Eric Vila
- Vila with Manresa in 2026

No. 4 – Bàsquet Manresa
- Position: Power forward
- League: Liga ACB EuroCup

Personal information
- Born: 15 May 1998 (age 28) Bescanó, Spain
- Listed height: 6 ft 11 in (2.11 m)
- Listed weight: 221 lb (100 kg)

Career information
- College: Texas A&M (2016–2017); Northwest Florida State (2018–2019); UTEP (2019–2020);
- NBA draft: 2021: undrafted
- Playing career: 2014–present

Career history
- 2014–2016: FC Barcelona
- 2014–2016: →FC Barcelona B
- 2021–2024: Girona
- 2024–2025: Río Breogán
- 2025–2026: Gran Canaria
- 2026–present: Manresa

= Eric Vila =

Spanish basketball player

Eric Martínez Vila (born 15 May 1998) is a Spanish basketball player for Bàsquet Manresa of the Spanish Liga ACB and the EuroCup. He has also represented the Spanish national team internationally. Standing at 2.11 m (6 ft 11 in), Vila plays as a power forward.

==Early life and youth career==
A native of Bescanó (Girona), he played for FC Barcelona at the youth level since he was 12 years old. Vila received regular playing time for the reserve team, FC Barcelona B. In December 2014, at age 16, he became the youngest player in club history to play in the Liga ACB.

==College career==
Vila started playing college basketball in the United States with Texas A&M. After one season, he transferred to Fresno State, sitting out his following year, but did not play for the team. Vila played for Northwest Florida State College in 2018–19 before moving to UTEP as a redshirt junior. He averaged 3.0 points and 5.0 rebounds per game.

==Professional career==
On 17 July 2021, Vila signed with Bàsquet Girona of the LEB Oro. Vila continued to play with Girona as the team achieved promotion to the Liga ACB and played in the first tier of Spanish basketball from the 2022-23 season. He extended his contract with Girona for a further season in July 2023. He would leave Girona in June 2024, after three seasons with the Catalans.

In June 2024, Vila signed with Río Breogán of the Liga ACB. Vila became an important player in Breogán's roster, playing in all 34 regular season games and recording his best numbers (21 points) in a win against Unicaja Málaga.

On July 17, 2025, Vila signed a two season contract with CB Gran Canaria of the Liga ACB. In June 2026, Gran Canaria announced Vila had activated his contract's release clause and would therefore leave the club.
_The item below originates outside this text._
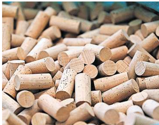
1014 Flaschen Veltliner Rotwein sollen für den Weltrekordversuch im Puschlav entkorkt werden. (KY)

POSCHIAVO Schon damals pflegte Dichterstürst Giachen Caspar Mouth (1844–1906) zu sagen: «Graubünden hat das Veltlin verloren, doch es muss zurückerobert werden, halbliterweise. Ich habe schon einmal damit begonnen.» Vielleicht hat sich das Puschlav durch diesen Satz für seinen Weltrekordversuch inspirieren lassen: Die Bevölkerung möchte nämlich am Samstag, 4. Juli, 1014 Flaschen Veltliner Rotwein innert 30 Sekunden entkorken, um in das «Guinness-Buch der Rekorde»

On June 25, 2026, Vila signed a two-season contract with Bàsquet Manresa of the Liga ACB.

==National team career==
Vila has represented Spain in several international tournaments. In 2014, he helped his team win a bronze medal at the FIBA Europe Under-16 Championship in Latvia. In the 2017 FIBA Under-19 World Cup in Cairo, Vila averaged 13 points, 10.9 rebounds and 2.7 assists per game. At the quarterfinals of the tournament, he recorded 24 points, 11 rebounds and three assists in a 70–58 win over Argentina.

In February 2025, Vila was called up by the senior Spanish national team to play in EuroBasket 2025 qualification games.

Vila has also represented the Catalan national team in exhibition games.